Operator: [Operator Instructions] We will now take the first question from the line of Thomas Smith from Leerink Partners. Please go ahead.

Thomas Smith: Hey, guys. Good morning. Thanks for taking the questions and congrats on the progress. Just on the ongoing Phase 3 ABTECT-Program, I was wondering if you could elaborate a little bit on how enrollment is progressing there? Are you seeing any region-specific enrollment trends that are worth calling out? And can you comment at all on how patient retention has been in the study so far?

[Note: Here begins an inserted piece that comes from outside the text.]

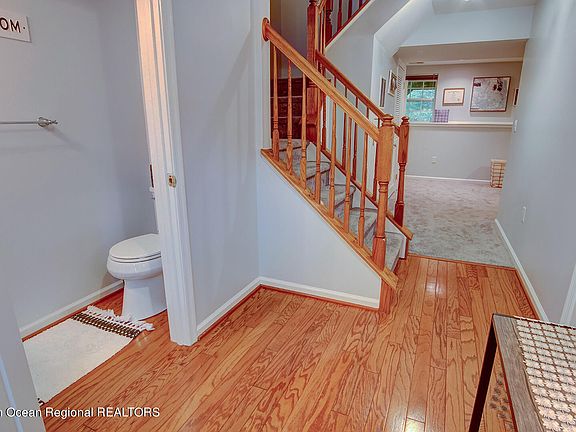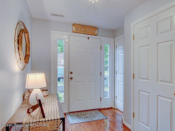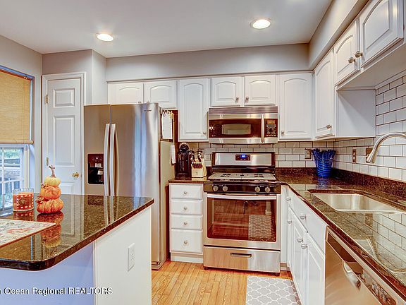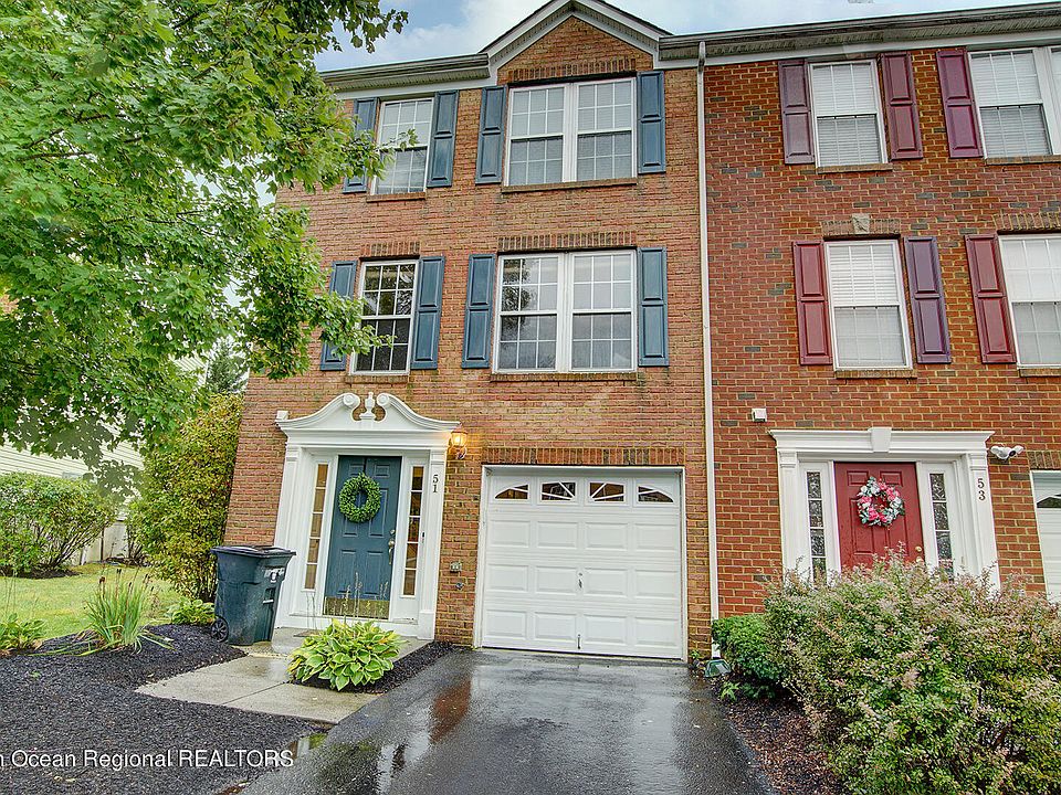 Spacious 3 bed / 2.5 bath End Unit townhouse in very desirable Farmingdale location with 3 levels of finished living areas plus an attached garage. Main entry level features spacious foyer, family room / flex room (possible 4th bedroom) laundry and half bath. 2nd level offers wood flooring throughout living room, dining room and kitchen with granite counters, Stainless appliances and center island. French-style door opens to spacious private deck with lovely view of wooded area. 3rd level has 3 bedrooms, vaulted ceilings and 2 full baths. Community offers playground and tennis court. Close to GSP, 18, 195 and 15 min to Spring Lake & Belmar beaches.
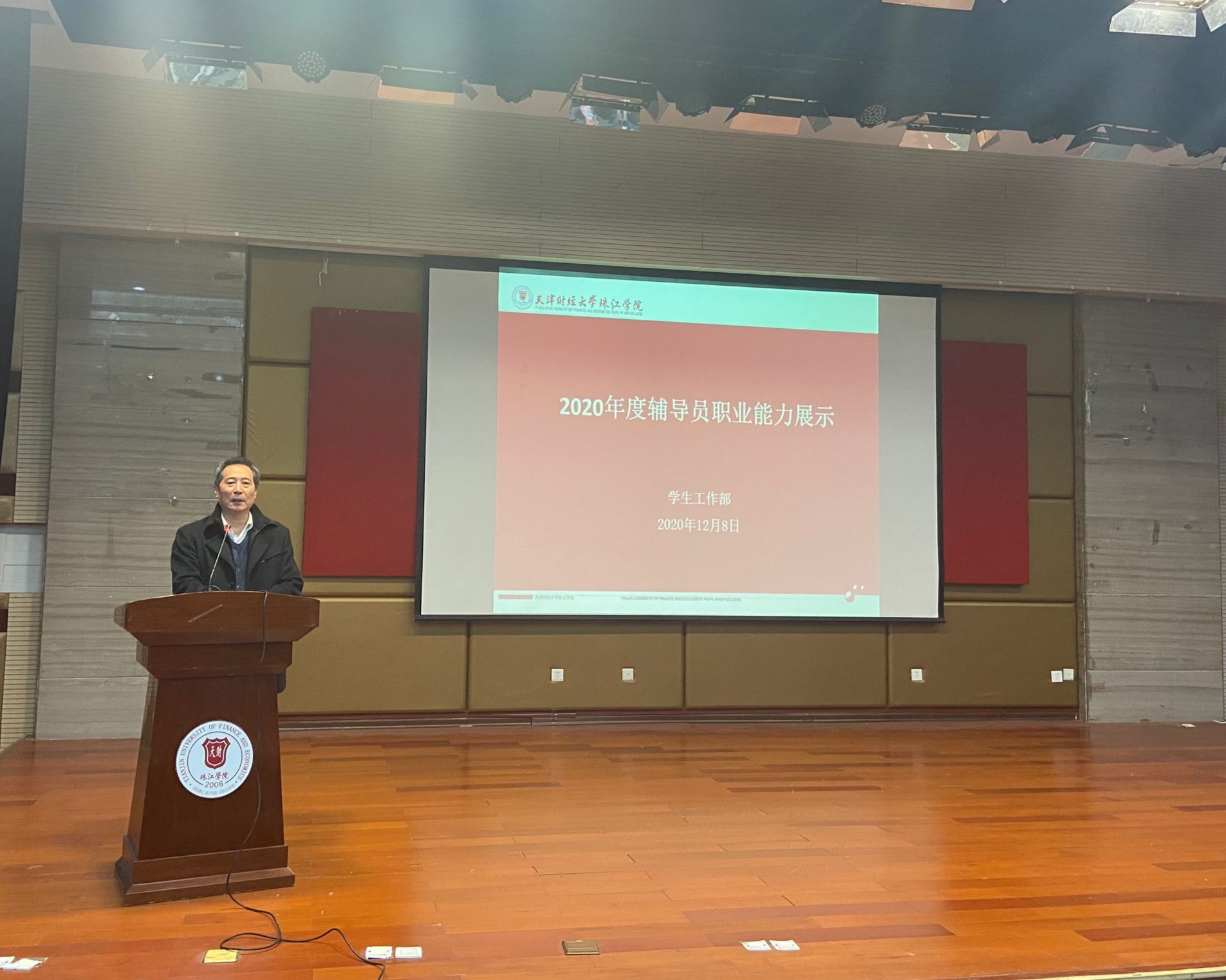 为深入贯彻落实全国教育大会精神和全国高校思想政治工作会议精神,加强我院辅导员队伍建设。12月8日上午,学生工作部在弘毅报告厅举办了2020年度辅导员职业能力展示活动。学院党委书记李建航、党委副书记王猛出席活动,全体辅导员、生活辅导员到场参加和观摩。活动由周圆同志主持。

Patrick Malloy: Sheldon, do you want to take that one?

Sheldon Sloan: Yes, I will. Okay. Tom, thank you for your question. I think Marc laid it out where we are with the study. Let me just give you a little bit of a highlight with our regional expectations. I think we already talked about no more than 25% of the subjects enrolled in the study will be from any specific region, which Marc already pointed out, in contrast to Phase 2b, two-thirds were from Eastern Europe. And the good news is we are now actually deployed in all our targeted geographic regions. We're already enrolling in China and Brazil. And obviously, we've been in Japan for a while. North America, obviously, has been up and running the longest and even though we had, what I would say, at the beginning, a little bit of a delay with C-DIS primarily European countries, we're all fully engaged in those countries now. I think the second thing, which you were talking about retention. I think you're talking about the dropout rate, although that's -- right now it's blinded, so we really don't know, but that's something we're actively looking at to discontinuation, as you know we had a little over 12%, I believe, in the Phase 2b study, and we're really tracking that carefully. One of the things that drove discontinuations was headaches in the Phase 2b study. And we know that the headaches is more of a managing expectations at this point, making sure that the investigators and patients know that it's something that occurs early on in the start of therapy, generally almost always treated with over-the-counter either acetaminophen or nonsteroidals and does not last for more than a few days to a week. And the bottom line is once the patients are on the medication, the headaches actually do not return. And that was apparent in our second year of our open label extension where headaches were not an adverse event. Just to -- just to kind of wrap that up, we're managing that by actually instructing the sites at headaches. Again, there are reasons why patients need to discontinue, but generally should not be a reason to discontinue in the study. So we're actually aggressively and actively, proactively actually managing that discontinuation of that.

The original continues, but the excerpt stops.